# Crane removal of a large Oak



## ggttp (Jul 22, 2007)

This is a video of a large Pin Oak we removed with a crane. 

http://video.google.com/videoplay?docid=1704176565382420525 


Thanks for watching.


----------



## polingspig (Jul 22, 2007)

I will second TreeCo here. That Port-a-Wrap on the saddle was beautiful!!!!


----------



## hornett22 (Jul 23, 2007)

*i took note of many things you did wrong...........*

according to the PC safety crowd and the europeans.

as far as i'm concerned,you did an excellent job.

great vids as always.


----------



## Ekka (Jul 23, 2007)

How many crane removals you done?

Sorry, but I see an incident coming.


----------



## JohnH (Jul 23, 2007)

Ekka said:


> How many crane removals you done?
> 
> Sorry, but I see an incident coming.



I 2nd that


----------



## ggttp (Jul 23, 2007)

Ekka said:


> How many crane removals you done?
> 
> Sorry, but I see an incident coming.



So tell me what you see for my future.


----------



## Dadatwins (Jul 23, 2007)

I never saw a porty being used like that either, neat idea. I am confused about the tie in. Looks like the rope you used to tie into the ball was the same that was being used a pull/guide line for the crane? Not sure if I like the double duty. Also a few picks looked off balance and gave the crane a few jerks. Never happy about shock loading. One section of trunk log did a 180 flip and looks like it came close to the climber. I am sure his pants tightened up a bit on that one. Few minor observations but it looked like a nice job, thanks for sharing.


----------



## ggttp (Jul 23, 2007)

Dadatwins said:


> I never saw a porty being used like that either, neat idea. I am confused about the tie in. Looks like the rope you used to tie into the ball was the same that was being used a pull/guide line for the crane? Not sure if I like the double duty. Also a few picks looked off balance and gave the crane a few jerks.

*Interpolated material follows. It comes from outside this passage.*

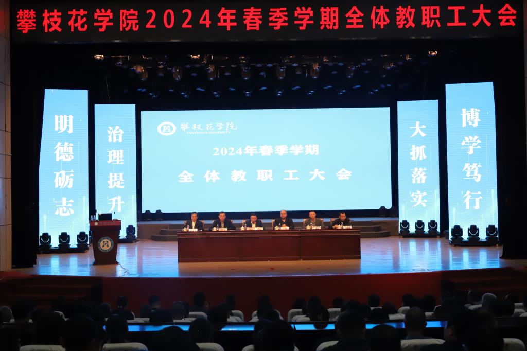 胥刚强调,2024年是攀大的“治理提升年”“大抓落实年”,也是全面贯彻落实第三次党代会精神的开局之年,要深刻认识学校治理体系和治理能力目前存在的问题,善学善思善为全面提升应用型一流大学的治理能力,立说立行紧抓快办全面落实学校发展各项工作任务。他指出,全校上下要团结奋进,全面贯彻落实学校第三次党代会精神,进一步把思想、认识、行动统一到“办好人民满意的教育”和“建设应用型一流大学”的双重使命任务上来,通过不断加强治理能力建设,提升学校核心竞争力,以更加强烈的落实意识、更加过硬的落实举措、更加务实的落实作风,锚定新目标,加快建设阳光健康美丽的应用型一流大学,奋力谱写中国式现代化最美攀大篇章,为全面推进教育强国、科技强国、人才强国建设和民族复兴伟业作出新的更大贡献!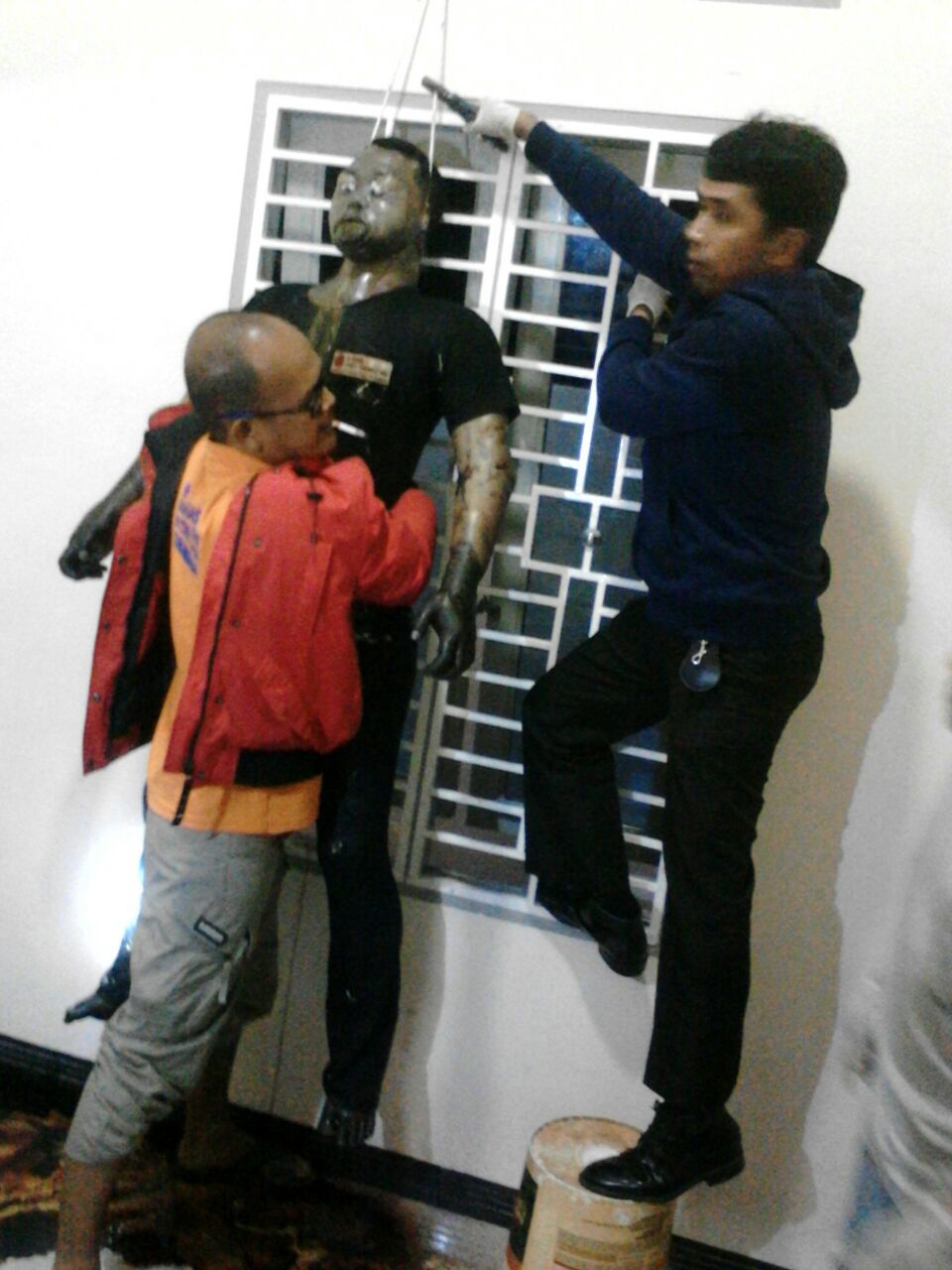 Korban ditemukan dalam keadaan gantung diri dengan kabel setrika di jerejak atas jendela dan mayatnya sudah membusuk dan menghitam

Never happy about shock loading. One section of trunk log did a 180 flip and looks like it came close to the climber. I am sure his pants tightened up a bit on that one. Few minor observations but it looked like a nice job, thanks for sharing.




I wasn't using the climb line as guide, it may have looked that way but really I was just keeping it out of the way. The crane operator has 30 years experience, thus being said I would place the choker cable in a position that me and the operator felt comfortable with. Also the operator felt 100% comfortable with every cut, and said that none of the limbs were even close to his limit. For the log that did a 180 I completely agree with you. My climber thought he was cutting low enough to keep it bottom heavy--honest mistake-- (first time he had worked with a crane). 
That is when I told him what Thought did "Thought thought he was pissing in the woods when really he was pissing in his pants". 

Thanks for the comments, it doesn't hurt to give your opinion.


----------



## Ekka (Jul 24, 2007)

Oh, you're the crane driver abseiling guy ... you are OK it's the guy on the saw I'm worried about.

Also, you did use spider legs once I think but on a big lateral limb that took a decent swing a spider (2 slings) would have worked good to.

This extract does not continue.